Data below →
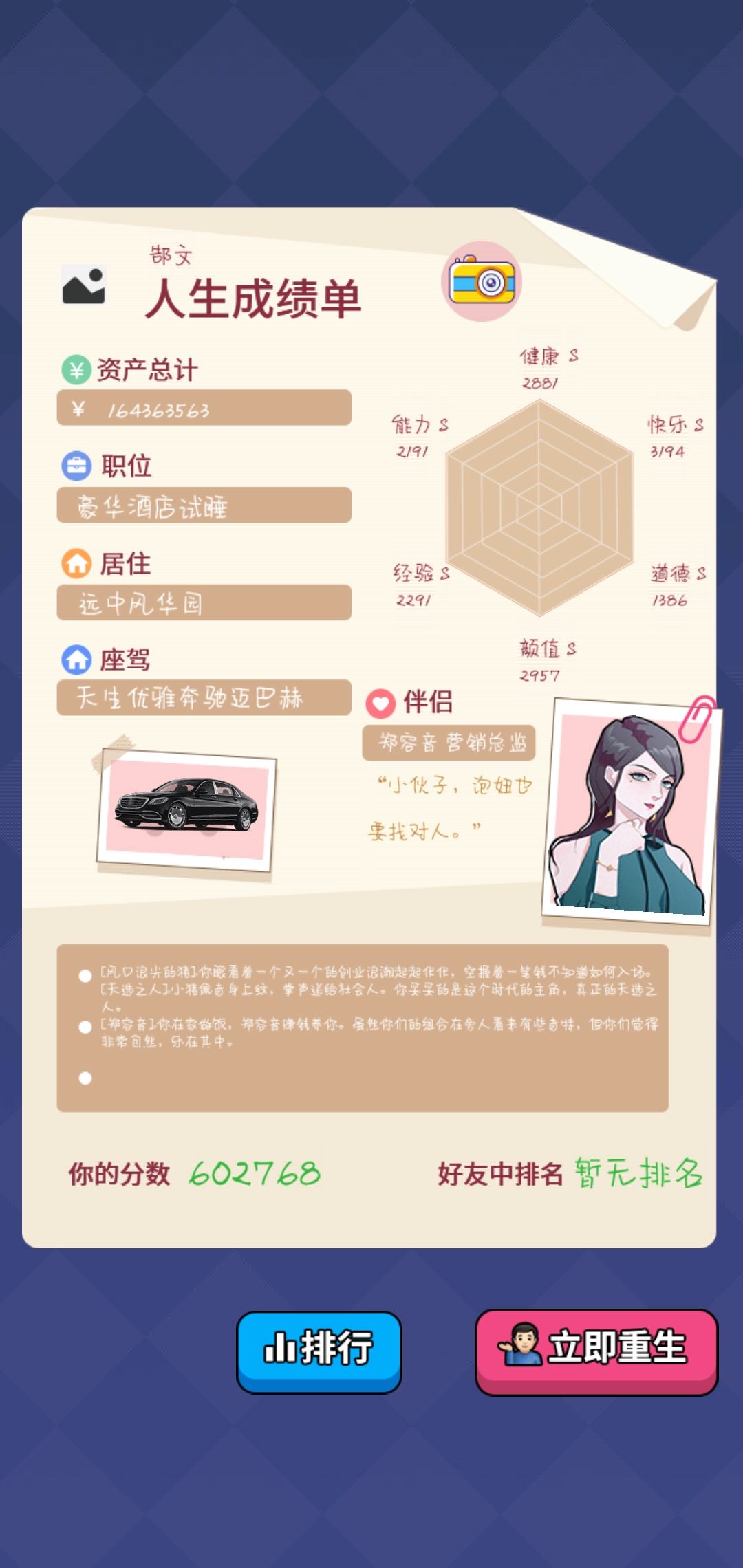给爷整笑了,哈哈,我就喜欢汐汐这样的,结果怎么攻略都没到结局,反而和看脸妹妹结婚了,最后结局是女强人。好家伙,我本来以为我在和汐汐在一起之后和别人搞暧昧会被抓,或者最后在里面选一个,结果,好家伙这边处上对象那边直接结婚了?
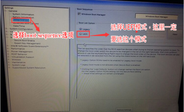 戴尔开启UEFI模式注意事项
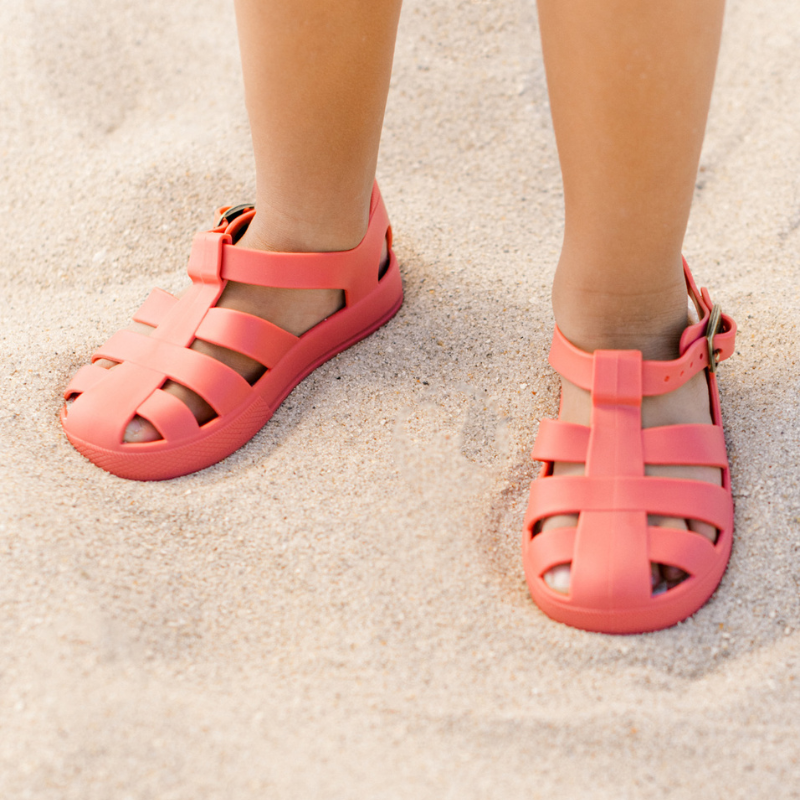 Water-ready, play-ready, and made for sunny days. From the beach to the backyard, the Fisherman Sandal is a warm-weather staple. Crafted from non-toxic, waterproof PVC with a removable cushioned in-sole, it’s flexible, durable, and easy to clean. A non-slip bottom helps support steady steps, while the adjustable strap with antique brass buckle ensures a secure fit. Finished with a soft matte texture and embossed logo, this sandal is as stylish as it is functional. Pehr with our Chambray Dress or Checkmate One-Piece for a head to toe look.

Your objective →
Please copy the data shown above word for word, omitting the pictures.

Task solution →
给爷整笑了,哈哈,我就喜欢汐汐这样的,结果怎么攻略都没到结局,反而和看脸妹妹结婚了,最后结局是女强人。好家伙,我本来以为我在和汐汐在一起之后和别人搞暧昧会被抓,或者最后在里面选一个,结果,好家伙这边处上对象那边直接结婚了?
 戴尔开启UEFI模式注意事项
 Water-ready, play-ready, and made for sunny days. From the beach to the backyard, the Fisherman Sandal is a warm-weather staple. Crafted from non-toxic, waterproof PVC with a removable cushioned in-sole, it’s flexible, durable, and easy to clean. A non-slip bottom helps support steady steps, while the adjustable strap with antique brass buckle ensures a secure fit. Finished with a soft matte texture and embossed logo, this sandal is as stylish as it is functional. Pehr with our Chambray Dress or Checkmate One-Piece for a head to toe look.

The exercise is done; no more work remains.